┏━━

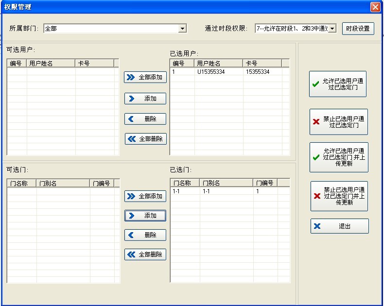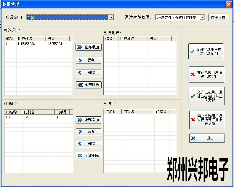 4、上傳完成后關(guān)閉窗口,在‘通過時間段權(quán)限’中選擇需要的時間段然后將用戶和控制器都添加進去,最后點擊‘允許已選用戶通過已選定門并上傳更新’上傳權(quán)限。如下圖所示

┗━━
┏━━

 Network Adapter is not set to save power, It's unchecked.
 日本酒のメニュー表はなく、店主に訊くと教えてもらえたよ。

┗━━

## DESCRIPTION OF THE TASK
All that is wanted is a faithful reproduction of the line above with "Network Adapter is", the line with "日本酒のメニュー表はなく、店主に訊くと教えてもらえたよ。", and every line in between.

## SOLUTION TO THE EXERCISE
 Network Adapter is not set to save power, It's unchecked.
 日本酒のメニュー表はなく、店主に訊くと教えてもらえたよ。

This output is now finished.